Jointly developed by NASA and the Indian Space Research Organisation (ISRO), and a critical part of the United States – India civil-space cooperation highlighted by President Trump and Prime Minister Modi earlier this year, the satellite can detect the movement of land and ice surfaces down to the centimeter. The mission will help protect communities by providing unique, actionable information to decision-makers in a diverse range of areas, including disaster response, infrastructure monitoring, and agricultural management.
The satellite lifted off aboard an ISRO Geosynchronous Satellite Launch Vehicle (GSLV) rocket at 8:10 a.m. EDT (5:10 p.m. IST), Wednesday, July 30. The ISRO ground controllers began communicating with NISAR about 20 minutes after launch, at just after 8:29 a.m. EDT, and confirmed it is operating as expected.

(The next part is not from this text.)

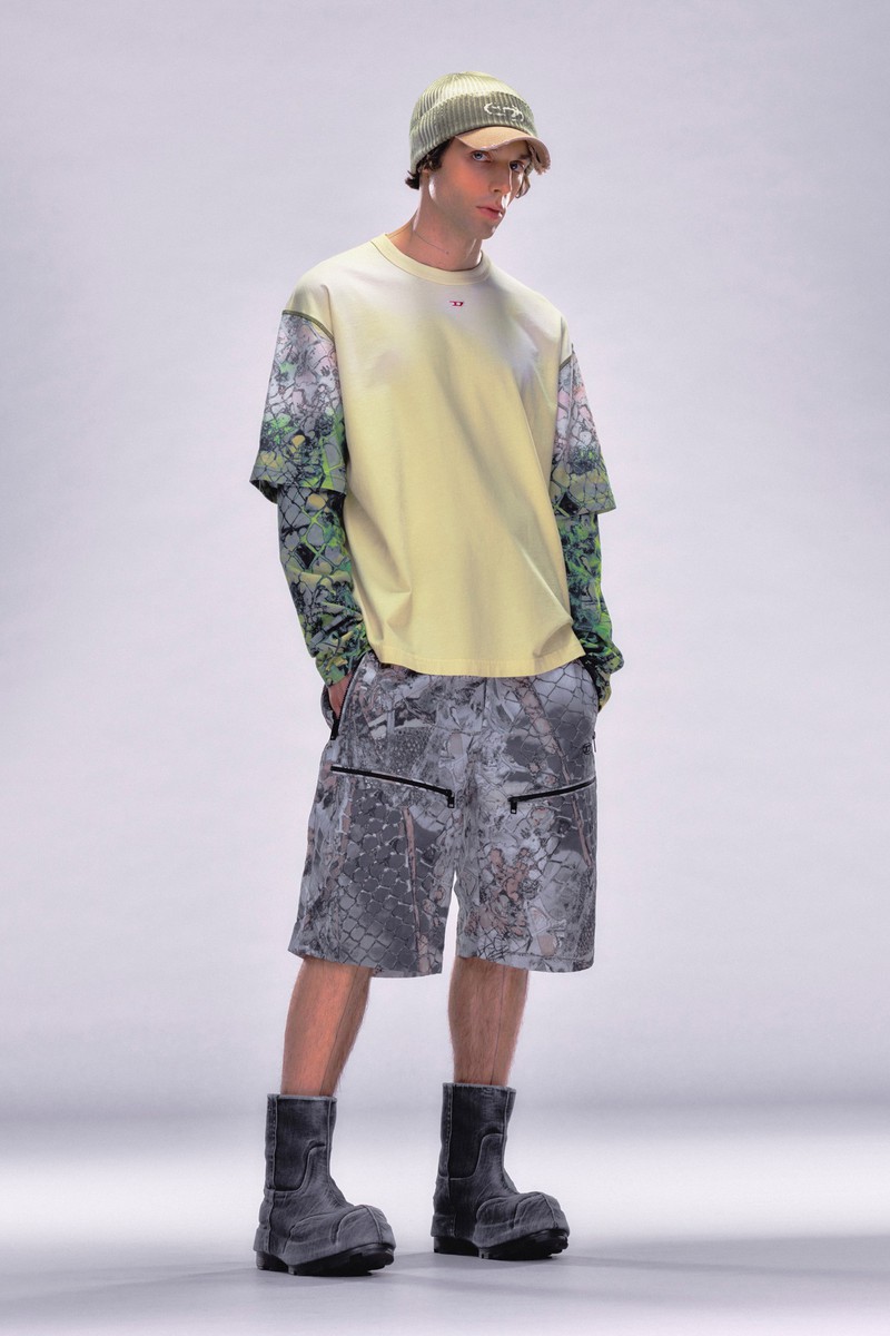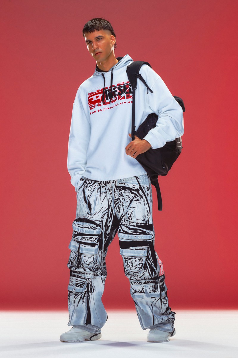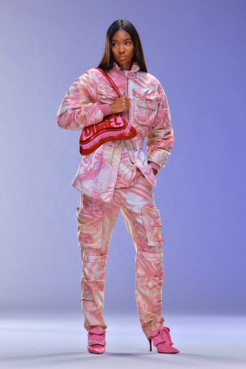 牛仔是运动休闲品牌Diesel的重要设计要素,在2024早春系列中,我们再一次看到了牛仔布的新设计,不仅可以切割拼贴,也可以在上面印上喷墨形成的肌理图案,再一次证明抽象形式的图案在运动装中的适用度。
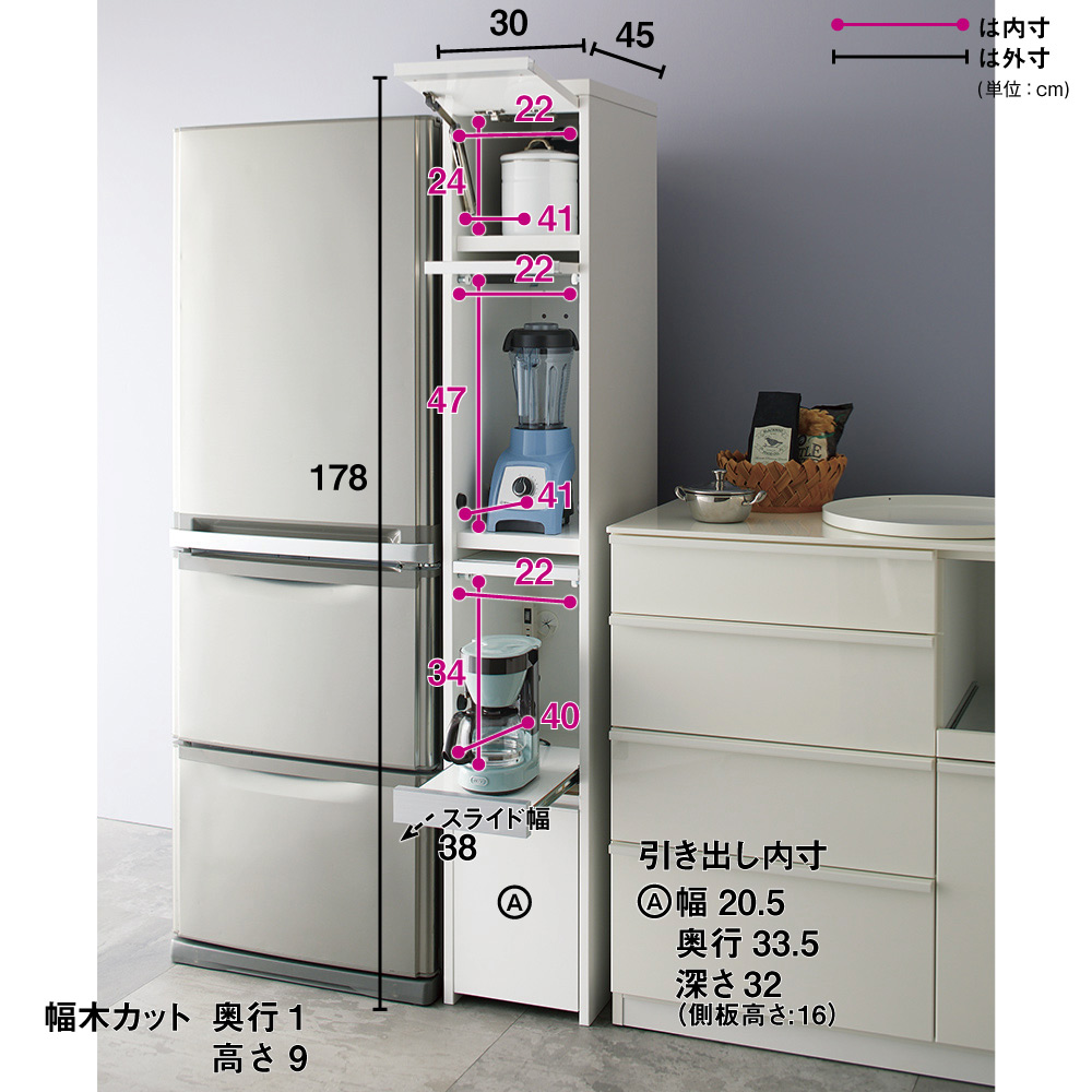 毎日使うキッチン家電、キッチン雑貨をすっきり目隠し。上品な光沢にアルミが映えるおしゃれなデザインと、多彩なサイズ展開がおすすめのポイントです。美しく清潔感のある光沢素材×アルミ素材のキッチン収納棚で収納物をすっきり目隠し。◆前面は光沢のある塗装で、水に強く拭き掃除もしやすいのがポイントです。◆食器はすっきり隠したいけど家電は使いやすく。そんな要望に応えるフラップ扉付きのおすすめキッチン収納棚です。使いやすさにこだわった安心の国産です。◆2、3段目の扉はフラップ式開けたままをキープできる構造。レンジを使う時などキッチンでの作業に便利です。◆最下段引き出しはフルスライドレール付きなので、奥まで開閉スムーズ。◆2口コンセント付きなので、家電収納時にきれいに配線できます。豊富なサイズラインナップ◆奥行は45cmと55cmの2タイプ。幅は30cm〜60cmまで5cm単位で7タイプご用意しています。◆狭いキッチンスペースでもゆったり使えるように扉は手前に引き出す構造です。

“Congratulations to the entire NISAR mission team on a successful launch that spanned across multiple time zones and continents in the first-ever partnership between NASA and ISRO on a mission of this sheer magnitude,” said Nicky Fox, associate administrator, Science Mission Directorate at NASA Headquarters in Washington. “Where moments are most critical, NISAR’s data will help ensure the health and safety of those impacted on Earth, as well as the infrastructure that supports them, for the benefit of all.”
From 464 miles (747 kilometers) above Earth, NISAR will use two advanced radar instruments to track changes in Earth’s forests and wetland ecosystems, monitor deformation and motion of the planet’s frozen surfaces, and detect the movement of Earth’s crust down to fractions of an inch — a key measurement in understanding how the land surface moves before, during, and after earthquakes, volcanic eruptions, and landslides.
“ISRO’s GSLV has precisely injected NISAR satellite into the intended orbit, 747 kilometers. I am happy to inform that this is GSLV’s first mission to Sun-synchronous polar orbit. With this successful launch, we are at the threshold of fulfilling the immense scientific potential NASA and ISRO envisioned for the NISAR mission more than 10 years ago,” said ISRO Chairman V Narayanan. “The powerful capability of this radar mission will help us study Earth’s dynamic land and ice surfaces in greater detail than ever before.”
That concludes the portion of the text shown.